I travel a fair amount, for those that don’t know, and therefore I’ve pretty much seen it all. So I’ve compiled a list of tips and suggestions to help the casual traveler, and maybe even the most hardened traveler. Actually, it’s more of a rant after re-reading it, but there are some good tips mixed in there somewhere.
Security
- Captain Morgan pirate boots – I know Jerry Seinfeld tried to jump start the whole pirate movement with the puffy shirt thing, but ladies please, pirate style boots are not the best choice when passing through security. Same goes for you, urban cowboy fellas.
- Oldies, especially the fellas, that three pounds of change you’ve got in the piggy bank you call a trousers pocket will get detected.
- Back to the ladies…you don’t have to wear every piece of jewelry your man buys you when traveling. I know you don’t trust the bag monkeys down in the bowels of the airport, but honestly, you can put some of it in your carryon. Better yet, just plan ahead and put them all in your carryon. The chances that you’ll see someone you know between the five minutes you get out of the car and you get to security are pretty slim. And really, if they do see you they’ll probably think you are some sort of trend setter. Or that you look heinous without your jewelry on. And speaking of looking heinous, if you think the troglodyte TSA representatives will look down on you for not wearing your gaudy Zsa Zsa Gabor jewels I wouldn’t worry about it. They are busy staring at your feet to make sure you’ve taken your shoes off, which brings me back to point 1.
- Toiletries. In general, these do need to come out of your bag so again, plan ahead. Don’t bury them in the bottom of your bag. I don’t want to see you dig through your unmentionables in the middle of security…unless you are hot. If you are hot you can ignore this one.

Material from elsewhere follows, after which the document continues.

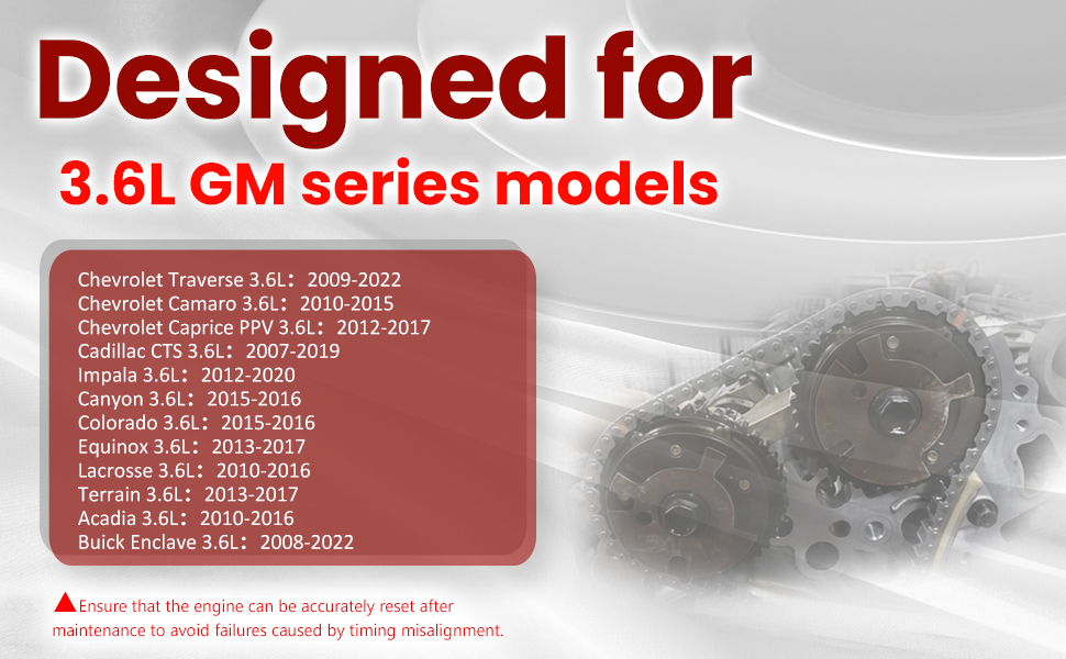 متوافق مع: EN-48313-1 مصمم لموديلات سلسلة GM 3.6L، بما في ذلك كاديلاك، وبويك، وساترن، وبونتياك، وشفروليه وغيرها من العلامات التجارية، التي تغطي كامارو، وإمبالا، وكانيون، وكولورادو، وإكوينوكس، ولاكروس، وترين، وأكاديا، وإنكليف، وترافيرس، وCTS ونماذج أخرى لتلبية احتياجات الصيانة الخاصة بك.

- Any top that zips up or buttons up will need to be removed and passed through the security whole, technical term. So plan ahead. Fellas, maybe you don’t sport the wife beater underneath the hoody. Ladies, maybe throw a top on underneath those ugly, long sweater jacket things…unless you are hot. If you are hot you can ignore this one too.

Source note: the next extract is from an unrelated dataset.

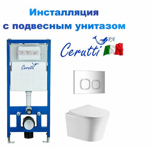 Комплект 4 в 1 инсталляция с подвесным унитазом Cerutti SPA Sella Aria, сиденье микролифт, кнопка смыва хром (CR556+CT7183+CR05CH)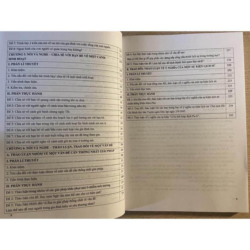 Cuốn sách Hướng dẫn thực hành nói và nghe trong môn Ngữ văn 6 theo nhằm hướng Chương trình Giáo dục phổ thông mới (dùng chung cho ba bộ sách Kết nối tri thức với cuộc sống; Cánh diều, Chân trời sáng tạo) được biên soạn dẫn học sinh thực hành nói – nghe đối với năng lực nói – nghe của học sinh ti sống nói chung. kiểu bài cụ thể; từ đó phát triển e đối với các kiêu bài c sinh trong môn học c Ngữ văn nói riêng, tr trong cuộc Cuốn sách tập trung hướng dẫn thực hành nói – nghe các kiểu bài: Kể về một trải nghiệm của bản thân; Kể lại một truyện cổ tích/ truyền thuyết; Trình bày cảm xúc về một bài thơ lục bát; Trình bày ý kiến về một vấn đề, hiện tượng trong đời sống; Chia sẻ với bạn bè về một cảnh sinh hoạt; Thảo luận nhóm về một vấn đề cần thống nhất giải pháp; Trao đổi, thảo luận về ý nghĩa của một sự kiện lịch sử. Mỗi kiểu bài được cấu trúc gồm hai phần: Phần lí thuyết và phần thực hành. Phần lí thuyết cung cấp khái niệm, yêu cầu, tiến trình thực hiện và các tiêu chí tiến hành đánh giá, kiểm tra chỉnh sửa đối với kiểu bài đó. Phần thực hành là minh chứng cụ thể sự vận dụng những hướng dẫn trong phần lý thuyết vào một số đề văn theo các bước: trước khi nói, trong khi nói và sau khi nói

- I know there are a lot of hippies out there that like to pack along water bottles. Water bottles are fine to go through security as long as they are empty.
A leatherman may be an essential tool on your Batmanesque utility belt along with your pager and cellphones, but it won’t pass through security. Anything with a serrated, bone cutting instrument is generally not something the FAA wants passengers whipping out on a transatlantic flight. And really guy in Tulsa who tried to pass through an eight inch Bowie knife ala Mick from Crocodile Dundee. Come on. On a side note, did you know the Bowie knife was originally named after David Bowie?
Plane etiquette
- If you are sitting in an aisle seat and you are the first one to sit in your row don’t seat belt yourself in and drag out all your shit. The chances that you won’t have anyone sitting next to you are pretty slim.

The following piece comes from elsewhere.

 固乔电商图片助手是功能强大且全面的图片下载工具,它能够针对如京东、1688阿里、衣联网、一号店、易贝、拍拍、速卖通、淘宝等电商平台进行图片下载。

Speaking of slim, if you have a wide carriage try to be cognoscente of it. I enjoy getting smacked in the shoulder every time you walk by as much as the next guy…wait, no I don’t. And I’m pretty sure I don’t have a target on the back of my shoulder. I usually have the stewardesses check when I get on the plane.- And unless there is no one sitting in front of you don’t use the back of the seat to hoist yourself out of your seat. It’s annoying. And if you do it more than once I scoot the back of my head as far up my seat as I can so the next time your talons are likely to grab a chunk of my scalp and/or hair and I’ll scream like a little girl. I’ll do it.
The terminal
- I know there is a sub-sectional of the population that insists on getting to the airport 3 to 4 hours early, to each their own, but could you do me a favor and pick a path. I realize you are trying to kill the time by aimlessly meandering through the terminal, but zig zagging to and fro is frustrating.
- In general, sunglasses worn inside are not a good idea, especially if you are in an airport unless you are Tom Berenger, have a white sport coat, jeans, and cowboy boots. Then, and only then, you can pull it off.
The Stews
Aside from scamming free beers and calling them stewardesses I don’t ever give these guys and gals a hard time. In my estimation, from the folks at the gate, to the check in counters, to the stewardesses, they have a shit job. They have to deal with grumpy, rude, frustrated assholes all day every day. Always, and I mean always say thanks. Even if they can’t get you in that aisle seat or closer to the front of the plane at least they looked. If you are running late and your frustration is getting the better of you remember, it’s not their fault traffic was horrible or security lines were a mess or you were just a dumbass and didn’t plan well. Even if they end up charging you six bucks for a can of beer say thanks. It goes a long ways.
Me: “Hey, do the pilots still give out those little wing pins?”
Me: “Is there a co-pilot on this flight? If yes, do you think I he or she would want to switch seats with me? I hate middle seats.”
Me: “Have you ever seen the movie Airplane? Do you know if any of the stewardesses have a guitar?”
A little levity to an otherwise schmuck filled day goes a long ways...
For those that travel a fair amount chime in and help the masses.